For the record, I am not a locovore.
Jean-Louis Gassee on Google’s Self-Driving Car
The hardware and the software will fail, no question. The real riddle is determining the socially acceptable failure rate. Today, there are about 40,000 car fatalities per year. [In the US, actually slightly less — dml] Note the euphemistic “car fatalities” or “car accidents”, as if the drivers weren’t to blame. You can imagine the news headlines when the first self-driving car fatality happens: Killer Robot! Killer Software! (A literal killer app?). Isaac Asimov, the author of the Three Laws of Robotics will spin in his grave.
Why robot cars (autonomous vehicles), as demonstrated by Google this week (and randomly captured by Robert Scoble in the video above), matter.
1. Safety – cars would be safe if only there weren’t drivers behind the wheel. Driverless cars seldom get distracted or tired, have really fast perception-reaction times, know exactly how hard to break, and can communicate (potentially) with vehicles around them with Mobile Ad Hoc Networks. But this improves not only vehicle safety, it improves the safety and environment for pedestrians and bicyclists.

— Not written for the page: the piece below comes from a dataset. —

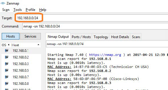 这可以通过使用“/ 24”扩展名设置目标来执行。 这扫描24位例如,
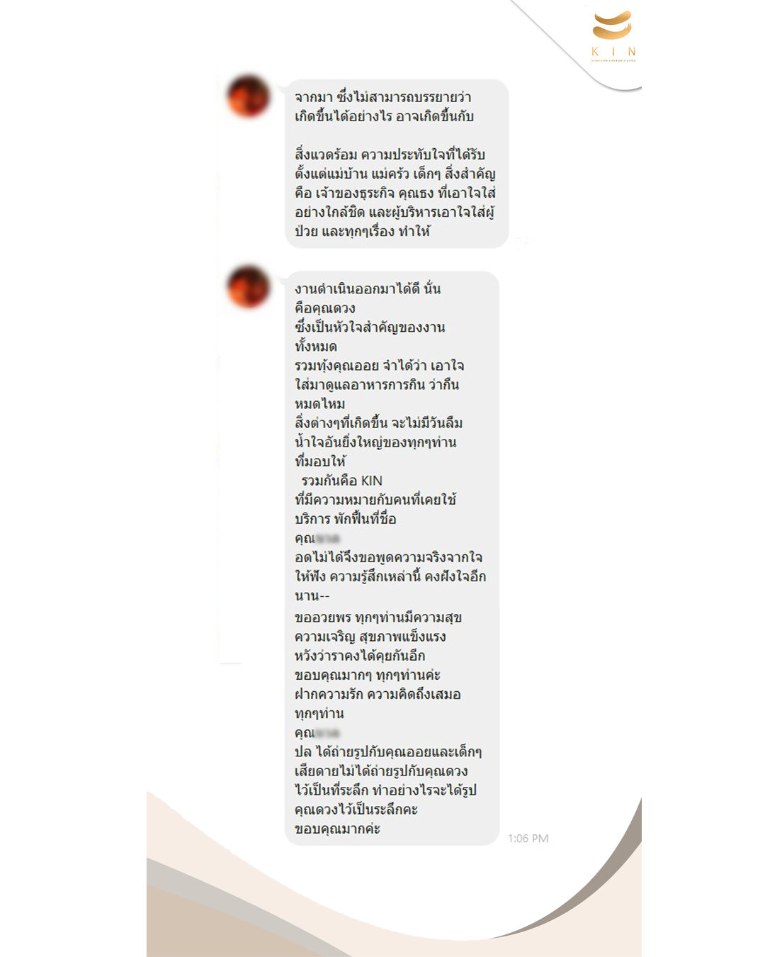 คำพูดจากใจผู้ป่วยที่เคยได้เข้ารับการรักษาจาก KIN

2. Capacity – ‘bots can follow other driverless cars at a significantly reduced distance, and can stay within much narrower lanes with greater accuracy. Capacity at bottlenecks should improve, both in throughput per lane and the number of lanes per unit roadwidth. These cars still need to go somewhere, so we need capacity on city streets as well as freeways, but we save space on parking (see below), and lane width everywhere. If we can reduce lane width, and have adequate capacity, we can reduce paved area and still see higher throughput. Most roadspace is not used most of the time now.
3. Vehicle diversity – Narrow and specialized cars are now more feasible with computers driving and increased overall safety. Especially if we move to cloud commuting (as below), we can have greater variety, and more precision in the fleet, with the right size car for the job.
4. Travel behavior – if the cost of traveling per trip declines (drivers need to exert less effort, and lose less effective time, since they can do something else), we would expect more trips (my taxi can take me wherever) and longer trips and more trips by robocar.
5. Land use – if acceptable trip distances increases, we would expect a greater spread of origins and destinations, (pejoratively, sprawl), just as commuter trains enable exurban living or living in a different city.
6. Parking – my car can drop me off at the front door, and go fairly remotely to park, so we don’t need to devote valuable space to parking ramps (garages) (we still need space, it is just far away), searching for parking is also less critical. On street parking can be abolished.
7. Transportation disadvantaged – children, the physically challenged, and others who cannot or should not drive, are now enabled. Parents, friends, and siblings need not shuttle children around, the vehicle can do that by itself. The differences between transit and private vehicles begin to collapse. We can serious consider giving passes to driverless taxis for the poor, since costs should drop with lower labor costs, and if the point below holds, paratransit services become much less expensive as well.